RTE racing pundit and racehorse trainer Ted Walsh has claimed that the Curragh Racecourse needs to provide comfortable facilities for ordinary racegoers to ensure that big crowds return to the re-developed home of flat racing.
Outspoken Walsh was speaking at the venue on Irish Oaks Day on Saturday - less than 48 hours before it was announced that Leopardstown CEO Pat Keogh is taking over with immediate effect.
A week earlier, the sitting CEO Derek McGrath, who had overseen the €81m redevelopment, announced he was leaving at the end of the season.
Walsh, who made is comments on RTE TV, said that the Curragh is competing with other events like Slane and Electric Picnic to attract people and needed to offer a better service to patrons.
Many people who attended Derby Day last month were disappointed with the length of queues for bars and toilets and there was also concerns about the lower than expected crowd for the 3-day Festival.
The Curragh insisted that a number of teething issues had been highlighted and that it would act on the feedback of patrons to improve customer experience at future meetings.
Walsh said: "To be blunt about it, it suffers from delusions of grandeur. It thinks it's better than it actually is and that people will just come here - they won't. You've got to get the public to come."
He added: "There are no many things now - outdoor concerts whether it's Slane or Electric Picnic, the rugby has come to the fore for people to spend their money.

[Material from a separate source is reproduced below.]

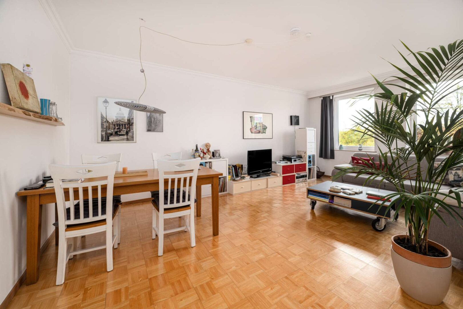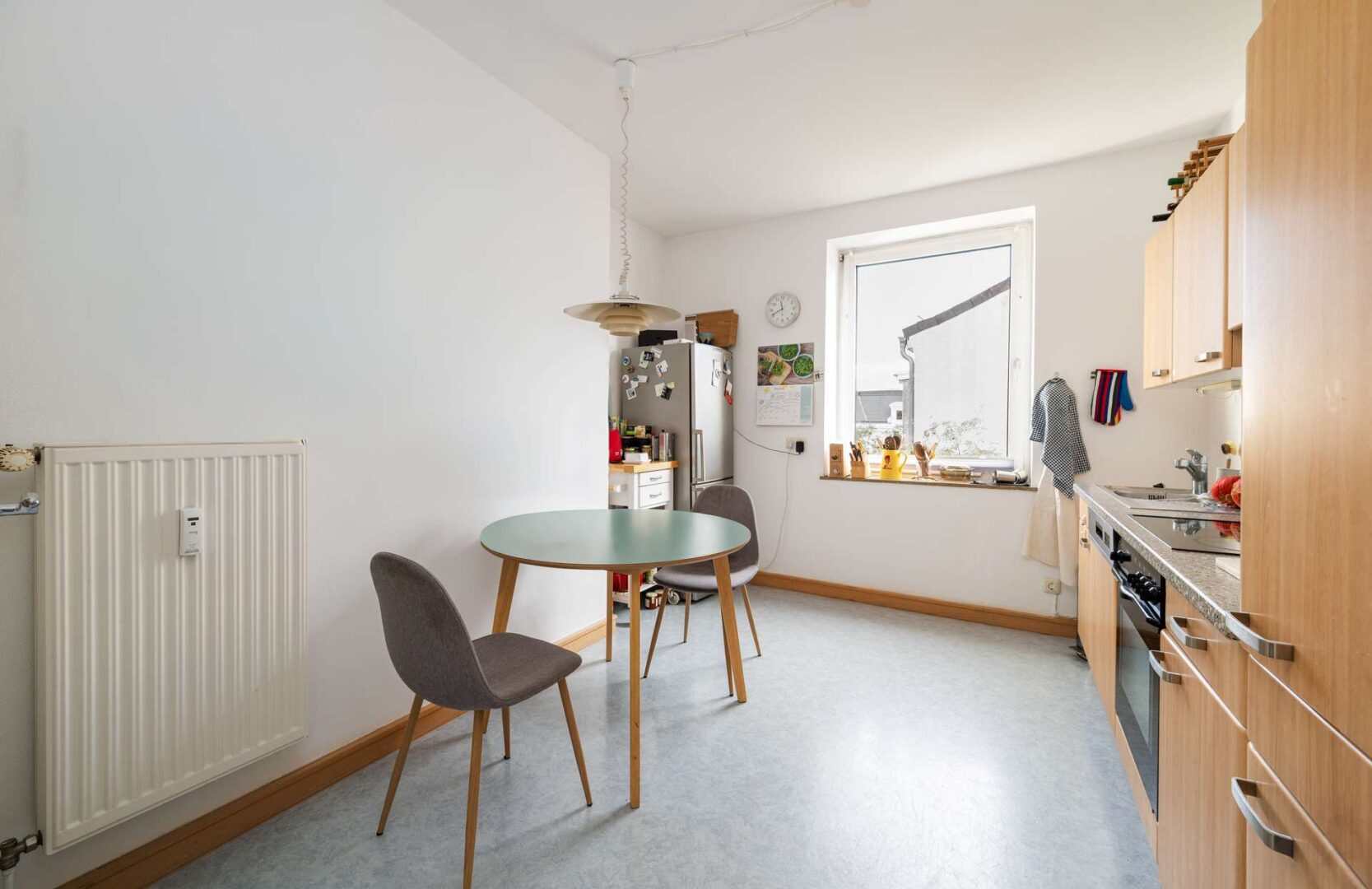 Der Grundriss ist funktional gestaltet und bietet mit drei Zimmern eine flexible Aufteilung für unterschiedliche Wohnbedürfnisse. Zwei separate Schlafzimmer ermöglichen vielfältige Nutzungskonzepte, während der Wohn- und Essbereich ausreichend Raum für ein komfortables Zusammenleben bietet. Die Einbauküche ist bereits vorhanden und wird mit der Wohnung übernommen. Das Badezimmer ist mit einer Duschwanne, WC, Waschbecken und Waschmaschinenanschluss ausgestattet und verfügt über ein Fenster, das für natürliche Belüftung und angenehmes Tageslicht sorgt. Die Bodenbeläge bestehen aus Parkett und Fliesen und verleihen den Räumen eine wohnliche Atmosphäre.

"Whoever was in charge of getting that crowd here missed out completely and when they did come to the Curragh they didn't look after them and they won't be back too soon.
"People went away from here with a bad impression, and that's the wrong thing to do."
Racing pundit Jane Mangan, who joined Walsh on RTE's coverage presented by Hugh Cahill at the Curragh, hailed the new grandstand as 'magnificent' architecturally and visually - but said that general admission ticket holders should have access to the first and second levels and not just the first level.
"Open up the second level and there are several bar, restaurant and toilet facilities which would have helped alleviate the problem that we had on Derby Day," she said.
Walsh added: "The Curragh is a bit like, you know when you go into a place and you say: 'I don't think I'm wanted here' because it's a bit stuffy and uncomfortable - this place suffers from that.
"I always felt that this place was uppercrust, like 'Upstairs Downstairs'.
But he added: "This has been going on for 30 years.
"The ethos is wrong here and unless they change that, they still won't get people to come."
The next meetings at the Curragh are the Curragh Sounds events on consecutive Friday evenings beginning on Friday, August 9.